Bruce is still looking for a full time teaching job. He has gotten quite a few substitute teaching jobs and is still working every night at the pizza place. While this has been a blessing, I am ready to have Dad be home more. He is such a hard worker. I am always amazed when I realize that most nights he is getting less than six hours of sleep just so we can survive. Gideon really misses his Daddy, though. I can always tell when it has been too many days of not seeing his Dad. He will cry for almost no reason. Half an hour a day of seeing Daddy just isn't enough. But we really appreciate all of Bruce's hard work for our little family. We know that someday, this will be one of those times we look back on and say "Look what we accomplished" and it will be a great learning experience. Until then, we will just keep going.

Friday, January 6, 2012

Calling all Miracles

We are having a rough day at our house. I have tried to keep our blog happy, hence why we haven't had any posts for a while. I have held the opinion "If you can't say something nice..." but we are feeling lost right now and since the only people who follow our blog is family, I figured it was okay to share.

Bruce had an interview on Wednesday for a teaching position. He felt so good about the interview and we were finally feeling optimistic that things would change for the good. It would have provided us with insurance in time for our little girl to be born. It would have put us in a position to get out of debt (which we have accumulated more of since being out of work for nearly a year). It would have answered our questions on what to do. But this morning, he received a phone call telling him that they had chosen someone else. He is very discouraged. I am very discouraged. We don't really know what to do at this point.
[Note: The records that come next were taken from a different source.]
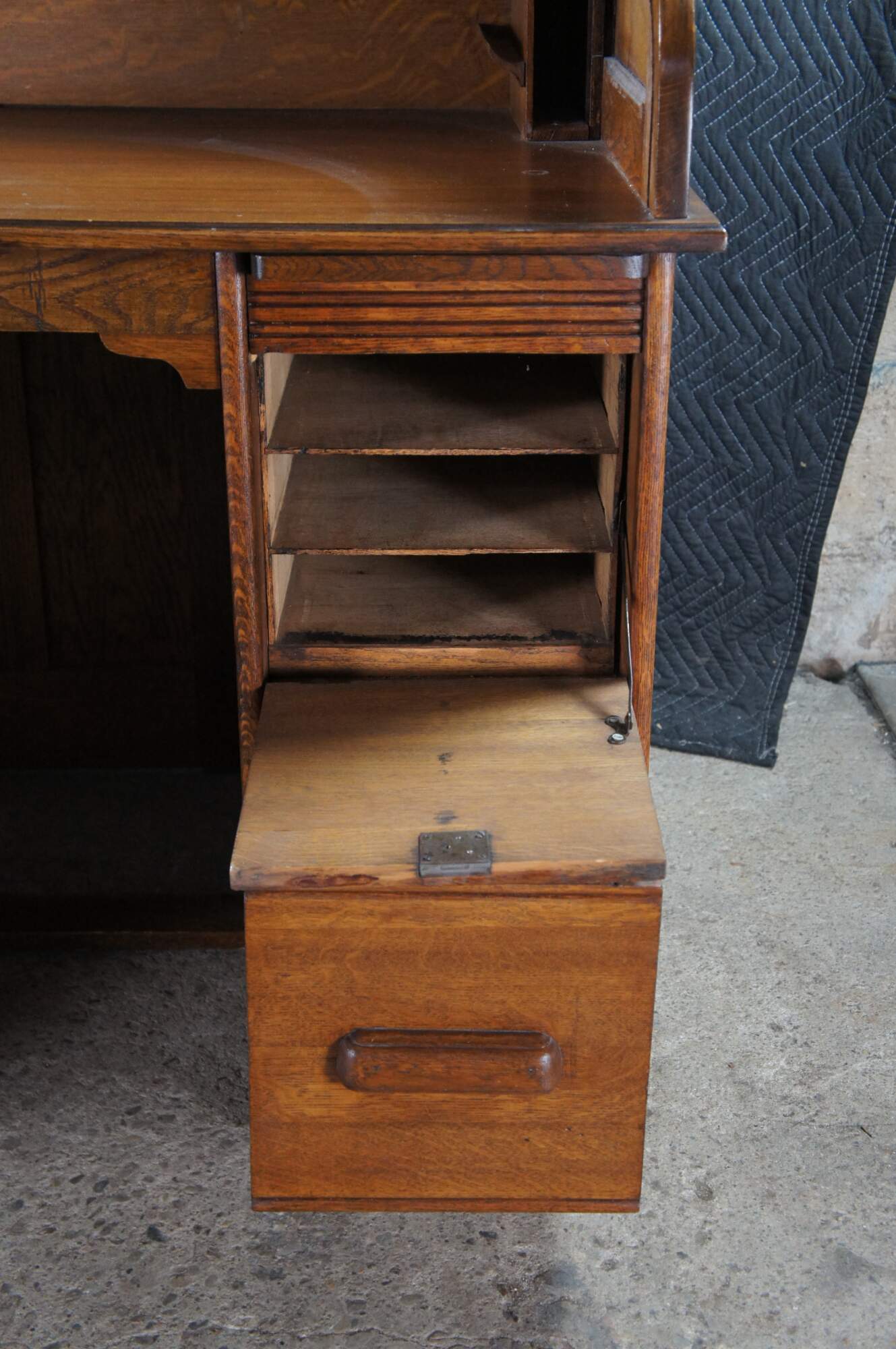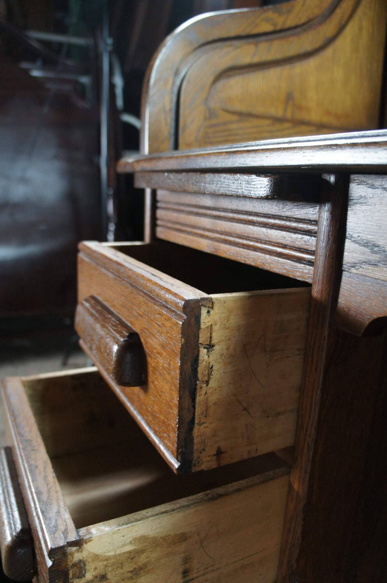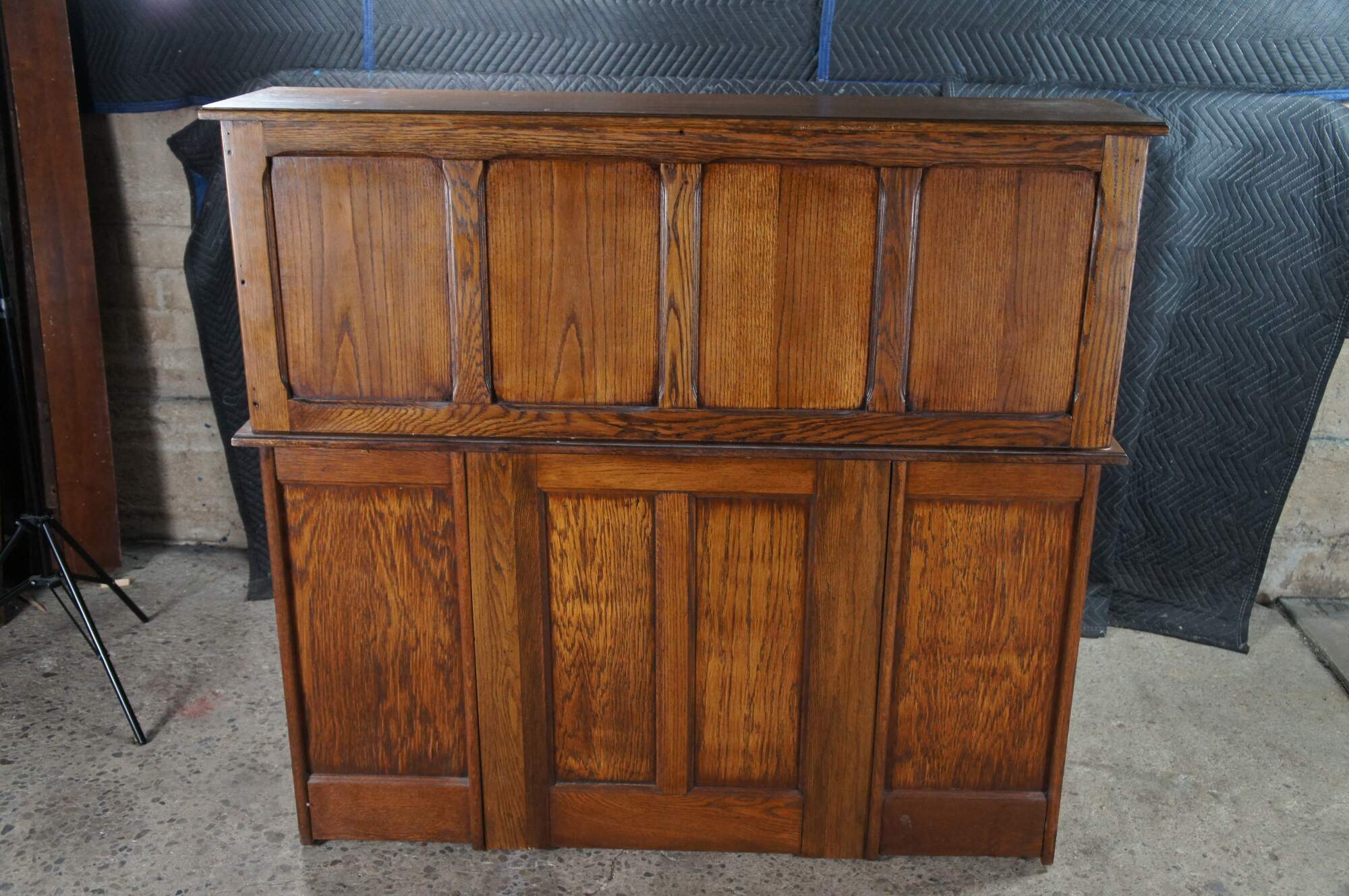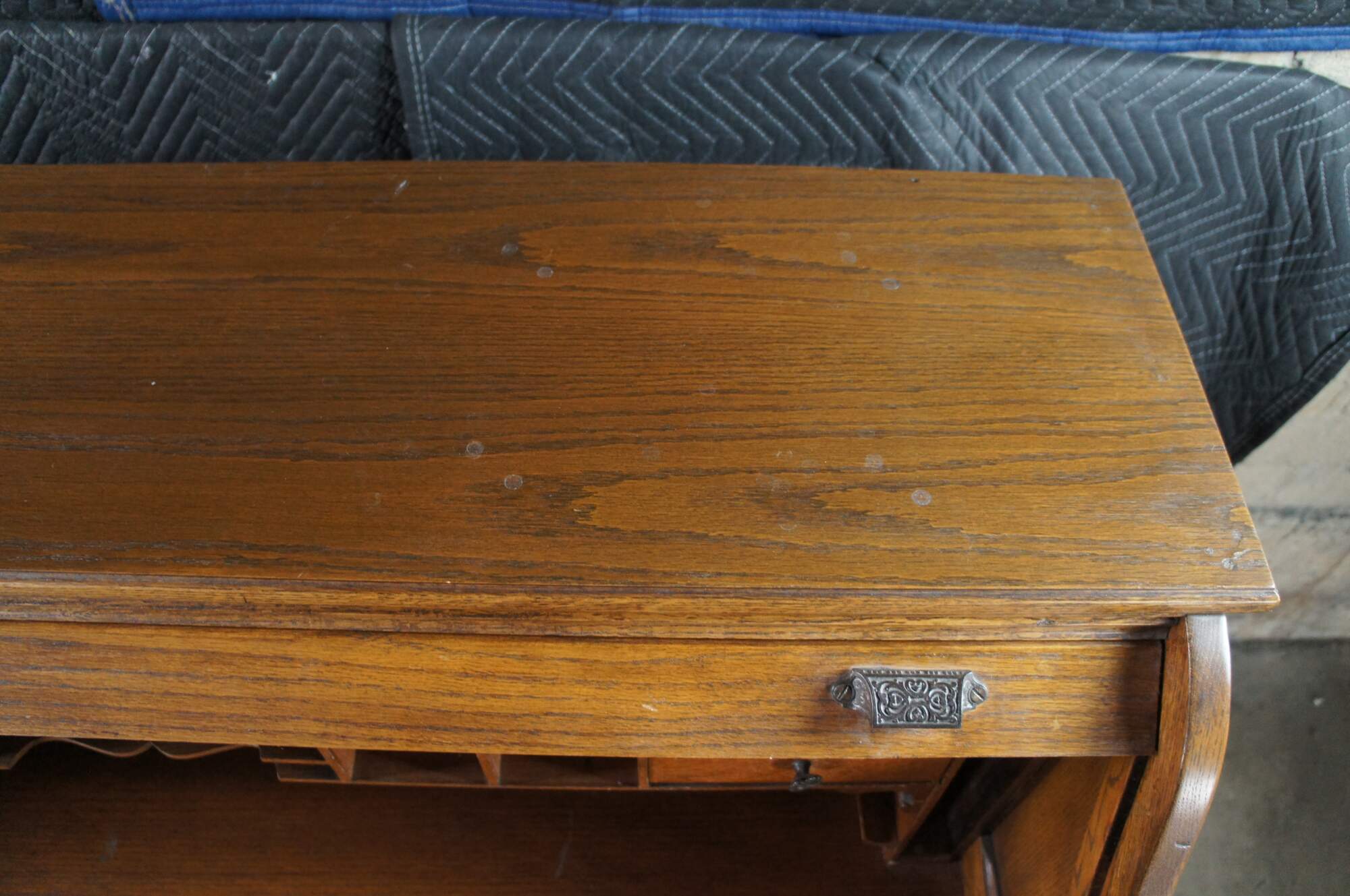 Edge wear, missing trim pieces, missing hardware pin left middle, missing latch uplock, scuffing, fading, exposed hardware / splitting back right.
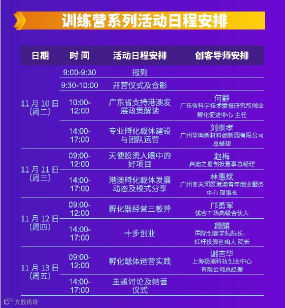 本次训练营活动从11月10日持续到11月13日,吸引了梦工场园区18家孵化载体和科控公司近60余人报名,邀请了多名理论研究功底扎实、实战运营经验丰富的创客导师,从港澳发展政策、专业孵化载体建设及团队运营、港澳孵化载体发展动态及模式、孵化载体运营实践、十步创业法等主题进行分享。
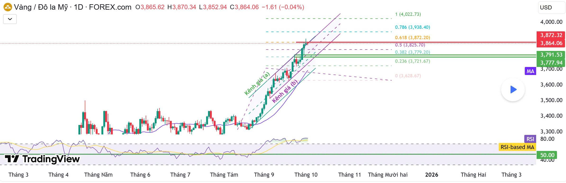 Trên biểu đồ ngày , XAU/USD đang di chuyển trong kênh giá tăng khá rõ ràng. Hiện tại giá đã tiến sát vùng kháng cự Fibonacci 0.618 tại 3,872 USD, đồng thời RSI cũng tiến vào vùng quá mua, cho thấy lực tăng có phần bị “nóng” trong ngắn hạn.
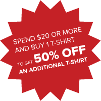 Tagline: Spend $20 or more and buy 1 T-shirt to get 50% off an additional T-shirt!
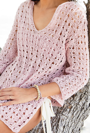 Dieser Pullover ist perfekt geeignet, wenn du noch nach einem Modell suchst, bei dem du dich am Ajourmuster versuchen kannst, ohne zu verzweifeln. Das Muster ist grafisch und einfach zu lernen. Die Anleitung enthält alles, was du wissen musst, um deinen Traumpullover zu stricken. Alle Teile werden einzeln von untern nach oben gearbeitet. Nur keine Scheu, lade hier direkt alles Nötige herunter und fang gleich in Größe 38/40 oder 46/48 an. Ddie benötigte Nadelstärke ist 5 (Maschenprobe natürlich nicht vergessen!). Viel Spaß mit deinem tollen neuen Sommerpullover.
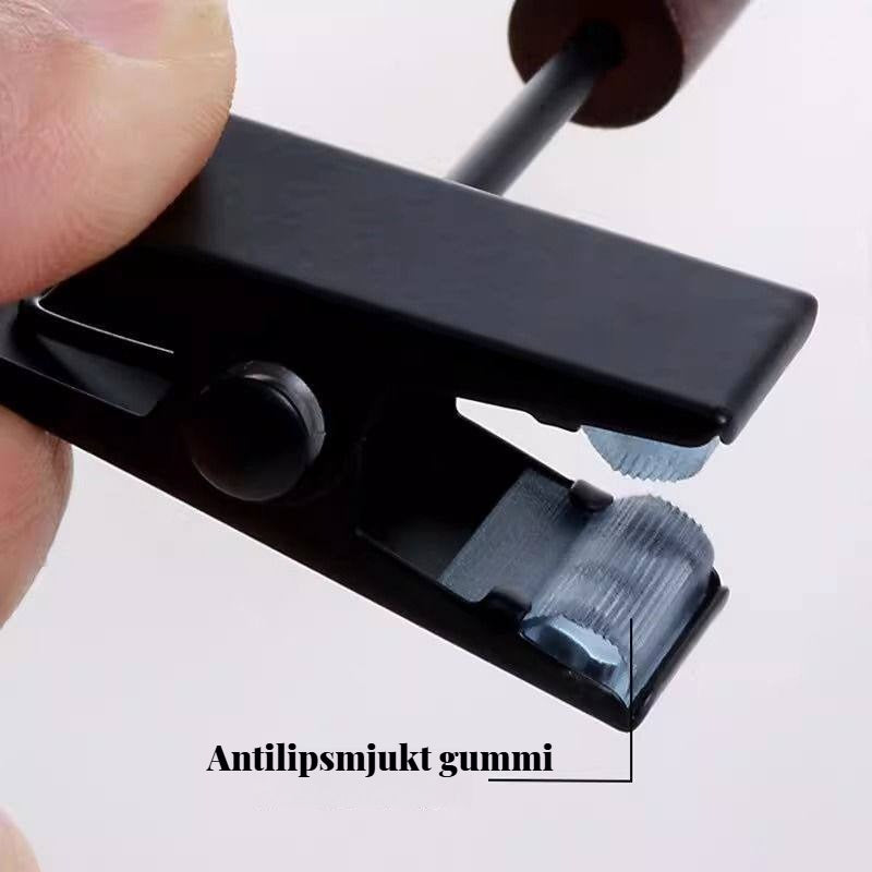 Antihalk-gummiklämma : Sitter stadigt utan att skada tyget.
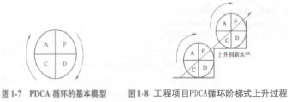 PDCA循環(huán)實(shí)際上是有效進(jìn)行任何一項(xiàng)工作的合乎邏輯的工作程序。PDCA四個(gè)過程不是運(yùn)行一次就完結(jié),而是要周而復(fù)始地進(jìn)行,其基本模型如圖1-7所示。工程項(xiàng)目的PDCA循環(huán)呈現(xiàn)階梯式上升的趨勢(shì)。PDCA循環(huán)不是在同一水平上循環(huán),每循環(huán)一次,就解決一部分問題,取得一部分成果,工作就前進(jìn)一步。到了下一次循環(huán),又有了新的目標(biāo)和內(nèi)容。圖1―8表示了工程項(xiàng)目PDCA循環(huán)階梯式上升的過程。
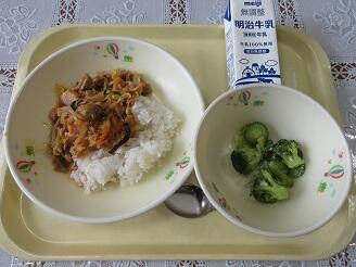 今日の給食は、プルコギ風豚丼(麦ご飯・プルコギ風豚丼の具)、牛乳、グリーンサラダです。高根沢町で生産された物は、アスパラガス、にんじん、玉ねぎ、椎茸、キュウリ、キャベツ、米です。今日もたいへんおいしく頂きました。
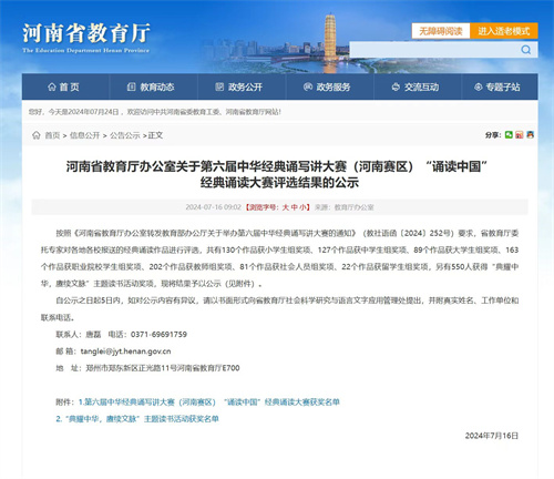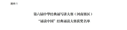 近日,河南省教育厅公布第六届中华经典诵写讲大赛(河南赛区)“诵读中国”经典诵读大赛评选结果。我校两部作品《丰碑》和《不朽》均获职业院校组一等奖。
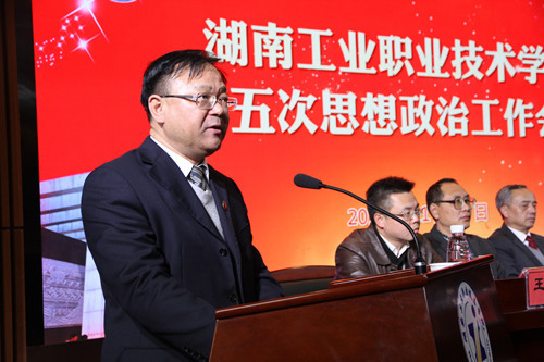 刘建湘全面回顾了近五年来学校思想政治工作取得的主要成绩。五年来,我校全面贯彻党的教育方针,坚持社会主义办学方向,牢牢把握立德树人根本任务,育人为本、德育为先,围绕中心、服务大局,积极推进思想政治工作改革创新,引导学生成长成才,关注教师发展增值,校园主流思想舆论健康向上,全校师生对中国特色社会主义和中华民族伟大复兴充满信心,思想政治工作取得了一系列可圈可点的成绩:思想建设成效进一步提升,基层党建基础进一步夯实,意识形态防线进一步筑牢,思政课程质量进一步提高,大学生思政教育进一步强化,思政工作水平进一步提升。
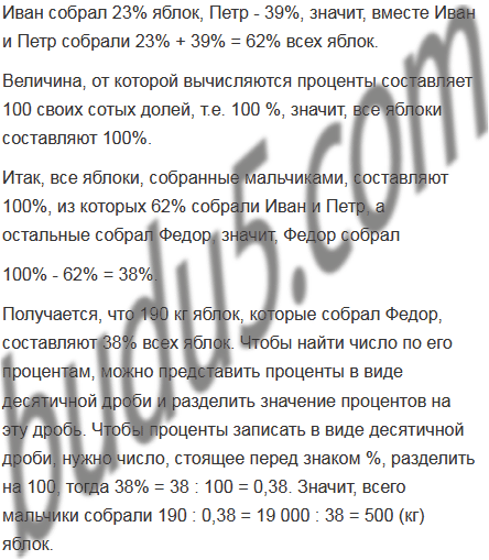 Петр, Федор и Иван собирали яблоки. Иван собрал 23% яблок, Петр - 39%, а Федор - остальные 190 кг. Сколько килограммов яблок они собрали вместе?
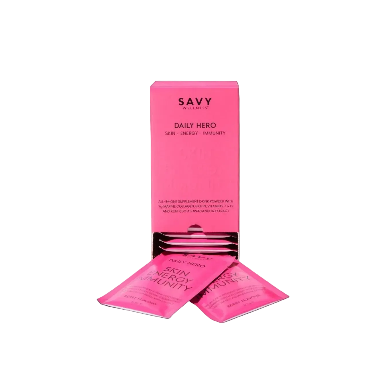 Each sachet combines five essential products: a Multivitamin with Vitamin B Complex, Vitamin D, 1000mg Vitamin C, 7g Hydrolysed Marine Collagen, and an adaptogen blend of KSM-66 Ashwagandha®, Rhodiola and Holy Basil. Savy's sustainably-sourced marine collagen is highly stable and comes from tropical freshwater fish, while KSM-66 Ashwagandha® offers the highest concentration and most bioavailable full-spectrum root extract available. Plus, Daily Hero All-in-One Supplement Powder is caffeine-free, naturally flavoured with Açai berries, and sweetened with Stevia.
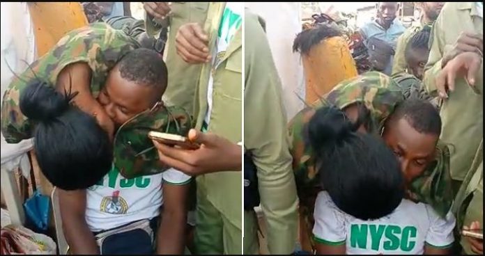 The corps member in a video went on his knees as he inserted the ring into the finger of the female soldier amid cheers of fellow corps members.
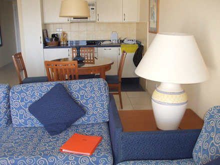 Dieses Foto zeigt einen weiteren Ausschnitt vom Wohnzimmer samt Kochnische im Hintergrund von Appartement 506 der Hapimag-Anlage Marbella.
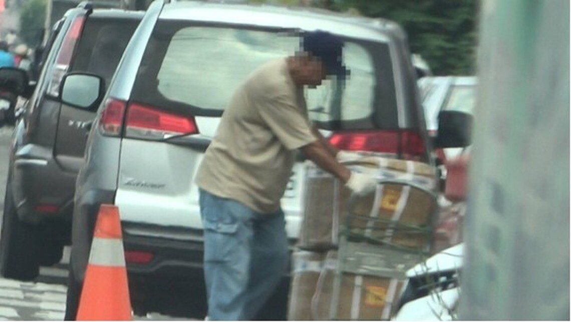 7月5日上午萬○環保科技有限公司負責人朱嫌駕駛一臺租賃廂型車駛入物流中心,年近花甲的朱嫌獨自搬運16箱每箱重達25公斤的包裹,專案組全程不敢懈怠,嚴密監控朱嫌行蹤,俟朱嫌駕車停靠高雄市岡山區某道路旁卸貨時,專案組遂持橋頭地檢署核發的拘票拘提朱嫌到案,並當場查扣16箱包裹及手機等相關證物。

We felt so strongly in March that we were making the right decision with me being a stay at home mom. It really honestly felt like that was what we were supposed to do. We felt the same way when we found out we were pregnant. It wasn't the best circumstances, but we believed that Heavenly Father would take care of us. Nine months sounds like forever and we figured that Bruce would most assuredly have a job by then. We are now nearing the deadline for him to get a job with the wonderful 90 day waiting period that most jobs have for insurance. And there is nothing in sight. Part of the problem is that my going back to work now is a little harder. Who is going to hire a woman who is almost six months pregnant? I really don't want to go back to work, either. I feel like that is giving up on what we felt was right. So what do we do?

How do you maintain your faith when it feels like nothing is happening in the way you need it to? We keep getting blessing that just tell us to be patient and faithful, but how long can we do that? Bruce is at the end of his rope and is honestly thinking of giving up his dream of teaching. I hate to see him do that because he is so wonderful at it and I feel like that is what he should do. At what point, though, do we face the reality that this isn't working for us?

I guess I need some faith affirming miracles in our life. We have such a sweet little boy and we want our family to continue to grow and develop. That is extremely hard, though, when we are living with family because we can't afford housing right now. It is even harder to develop our own family traditions and practices when you are living with other people. We are ready for our miracle. We are in desperate need of our miracle.

Enough of the negative. No more complaining. I know that compared to a lot of people, we are so lucky. I just have to keep reminding myself of that.